I imagine it’s some kind of energy residue; a print, or a memory of a previous household pet.

Other things I have seen over the years have been altogether sadder, stranger, creepier, and I have not wished to see them.

I’m not asking anyone to ‘believe’ in these things. If you see them, then you see them. If you don’t, you don’t, and many don’t. But I hear a lot of stories, quite matter of fact in presentation, from eminently sensible people who are clearly in perfect possession of their marbles.

TC Lethbridge, psychic researcher and academic with a scientific background said, ‘today’s magic is tomorrow’s science,’ and perhaps he was not far off the mark.

 

The world is not only stranger than we know. It is stranger than we CAN know. It is easy to laugh at what we don’t understand. But why should recognizing  the possibilities and the limits of our current understanding be raised as a barrier to enquiry?

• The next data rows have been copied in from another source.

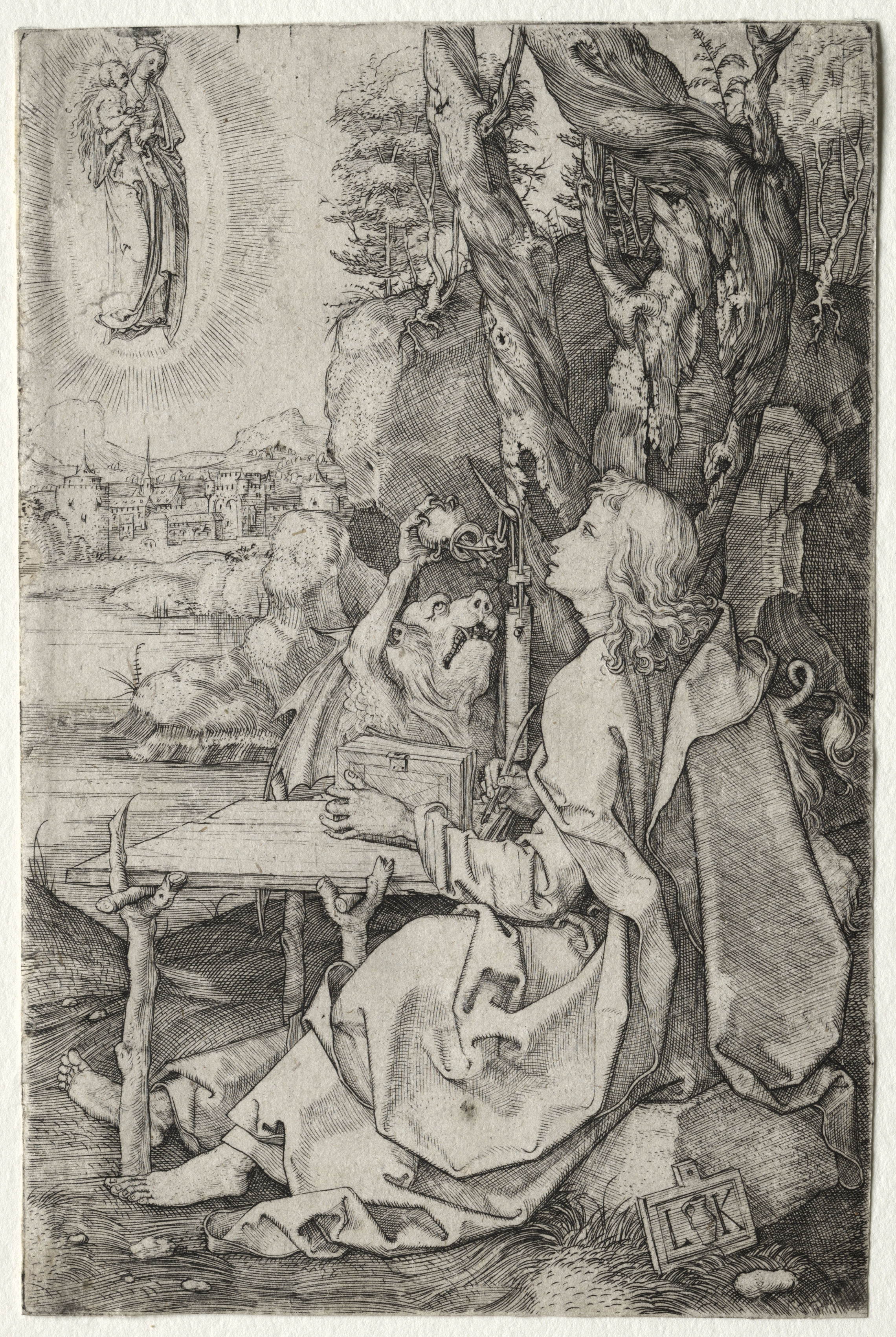 The image depicts a man sitting on the ground in front of a tree. The man has long wavy hair and wears a long robe. He sits with his back to the right, looking up to the upper left. He holds a quill in one hand and a piece of paper on a writing desk in the other. A box with letters "LK" is on the ground next to him. A town on the water is visible on the left. An angel appears in a radiant circle above. The artist's work is signed with an "L" and a "K".
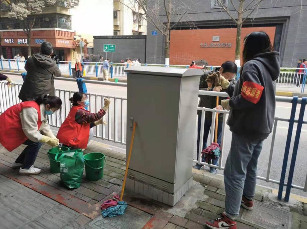 3月4日下午,外国语学院学生党支部党员和党员服务站的小葵花志愿者们走进渝中区大溪沟街道,与人和街社区联合开展“党旗引领,团旗飘扬”学雷锋志愿服务活动,为社区居民送去关爱和帮助,与社区群众一起打扫卫生、清洁城市死角,为独居老人提供药品使用说明书翻译服务等,得到社区居民的连声称赞。
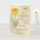 Um cartão com uma flor de tulipa na frente que oferece condolências e apoio ao marido enlutado na memória do primeiro aniversario de sua esposa depois de falecer.
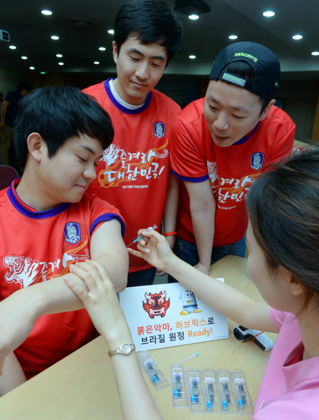 글락소 스미스클라인은 브라질 월드컵 개막을 앞두고 현지 원정 응원에 나서는 국가대표팀 서포터즈 붉은악마 110명을 대상으로 A형 간염 예방 백신 하브릭스 접종을 무상 지원한다고 밝혔다. (사진제공: 글락소스미스클라인)
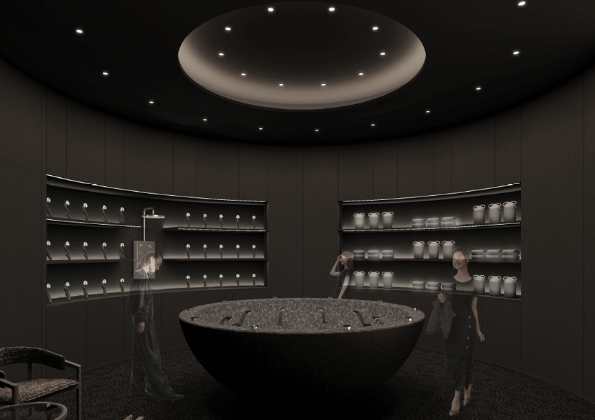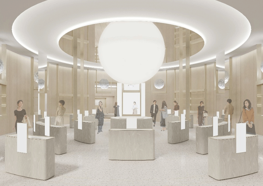 自然とテクノロジーが融合した内装となっており、店内中央に配置されたスフィアは、ReFaの”生命力あふれる美”を鼓動として表現し、訪れる人を特別な空間へと誘います。
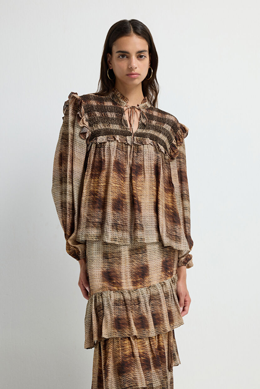 Kahverengi Büzgü Detaylı Uzun Kollu Bluz

Tarot, Runes, our dreams, myths and songs, are some of the many boats we sail for exploring these waters. Some prefer to stay in harbour and not explore these things, and they needn’t. But sometimes it’s not a choice and the current pulls us out.

For all our intellectual achievements and aspirations, resistant to ‘superstition’ or not  ‘we’ remain an instinctive animal. We rely on it for our safety. If someone gives you the creeps, then they give you the creeps, and there’ll be a reason. Police, Emergency Services Personnel, the Military, they all rely on good instinct- or else.

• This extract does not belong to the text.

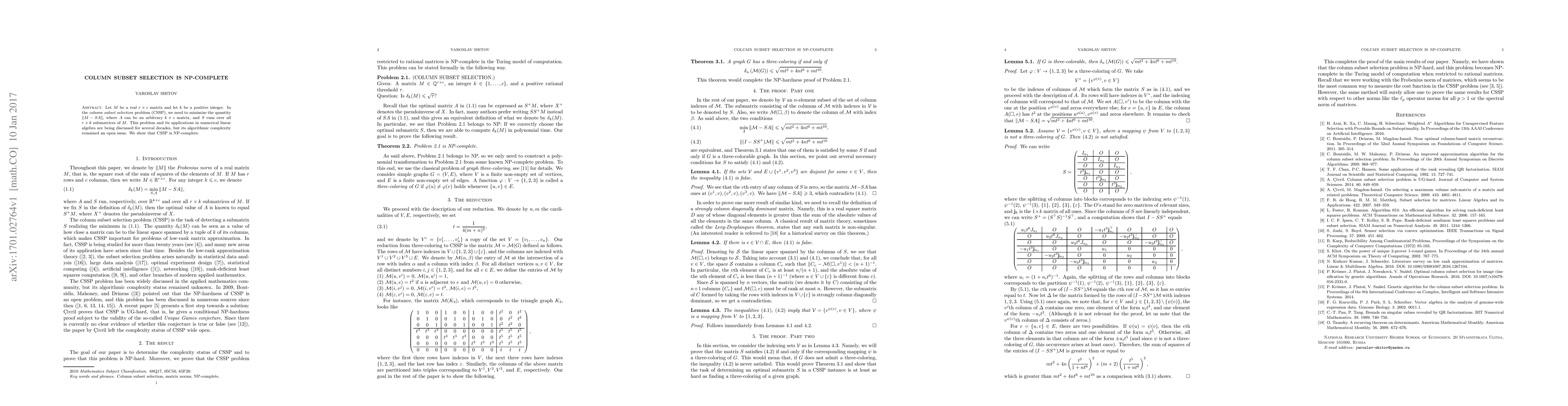 The column subset selection problem (CSSP) seeks to minimize the norm of the difference between a given matrix and a product of a selection of columns and an arbitrary matrix. This problem is shown to be NP-complete, indicating its computational complexity.
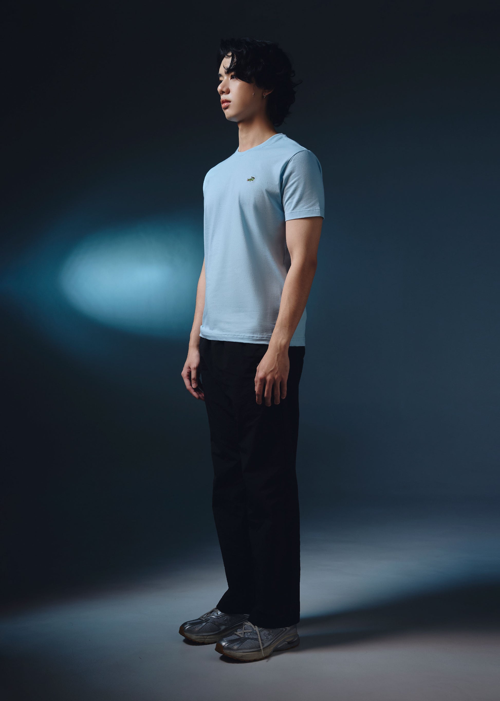 เสื้อยืดคอกลมสีสตาร์ไลท์บลูทรงคัสตอมฟิต

What we call psychic is only an extreme  manifestation of instinct. This is our nature and our default. Factual truth may also be poetic. Stories  come from someone’s experience, and myths and fairy tales from a collective experience. In this sense, however fanciful, even ghost stories contain some essential truth. They do not  lie.

Which Way Home?

‘The hunger for meaning and purpose is nothing less than the human homing instinct — the Fourth Instinct — at work.  But in the tangled maze of history, we have been sidetracked; in the long journey home, we forgot our destination. Indeed, we were told that it does not exist.’ Arianna Huffington.

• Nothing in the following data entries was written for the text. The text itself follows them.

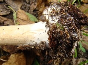 Jeden owocnik na resztkach kompostowych przysypanych opadającym igliwiem, siedlisko nieco nietypowe jak i wygląd owocników.
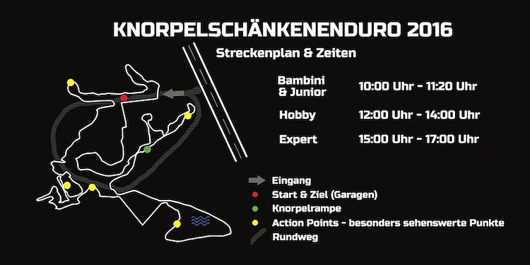 Je 60 Teilnehmer starten in der Klasse Hobby und Expert und nehmen den Rundkurs für jeweils 2 Stunden unter die Räder. Dieses Jahr ist an Langeweile auf dem Motorrad nicht zu denken. Eher lange Arme werden sich nach einigen Runden einstellen. Die Expert Klasse fährt entgegengesetzt der Hobby Klasse und hat zuzüglich Streckenabschnitte, die das „Können“ und den „Mut“ auf dem Motorrad herausfordern!
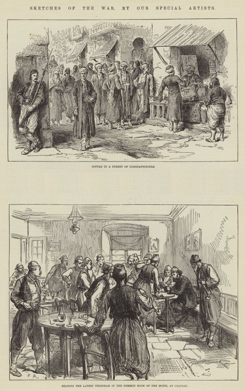skizzen · krieg · softas · straße · konstantinopel · lesen · telegramm · gemeinschaftsraum · hotel · csacsak · russisch-türkischer krieg · militär · straßenszenen · truthahn · istanbul · traditionelles kleid · Private Collection / Bridgeman Images · / Look and Learn |

The Tarot‘s Cards correlating to the Four Major Points Of The Compass are:

Ace of Pentacles = North

Ace of Cups =West

Ace of Wands =South

Ace of Swords= East

But where is ‘home’, beyond it being the people in your life?

‘There’s that feeling I get, when I look to the west’.’ Led Zeppelin.

‘My sun shall rise in the East, then shall my soul be at peace, ‘ Vangelis.

‘From all points of the compass flock’d birds of all feather.’ Source: Gutenberg. Org

From the beginning, we have been a migratory animal, in some parts of the world, more than others. Several cards in Tarot talk of home, rightly so, as it is a key ingredient of human experience, and a ruling perception.  The Ace of Pentacles, Ten of Pentacles, Four of Wands, and Six of Cups all tell stories of a person’s home in a reading.

The Tarot’s Ace of Pentacles, which sometimes talks about food, money, or books, or bricks and mortar says, Earth itself is the nest, the Soul of Man is in the roots of the species. Below is The Ace of Pentacles from The Gilded Tarot, publisher Llewellyn, by kind permission of Ciro Marchetti.

Tarot Tinkles The Ivories

Here was an instance of using tarot card counting to arrive at a qualified forecast.

My daughter, 16 at the time, was learning piano. She went for lessons once a week and practiced  – ahem, sometimes– on a small, reconditioned 1930s piano in the dining room. We had been hearing a lot of renditions of ‘Oliver!’ – Fagin’s song about reviewing the situation, ‘I think I’d better think it out again!’

At Christmas I got a phone call the piano teacher, to say my daughter would soon be due to put in for entry for her Grade 2 exam, but she wasn’t going to be ready as she wasn’t putting in the necessary work. Well, I asked my daughter, did she want to go for it or not? It was her decision, but if she decided to go for it, I expected her to show that she meant business.

She opted to go for it, upped the practise sessions, and had the exam 29 March, held at school during the school day. She came dragging home with a long face. ‘I made loads of mistakes,’ she said, ‘in both pieces.’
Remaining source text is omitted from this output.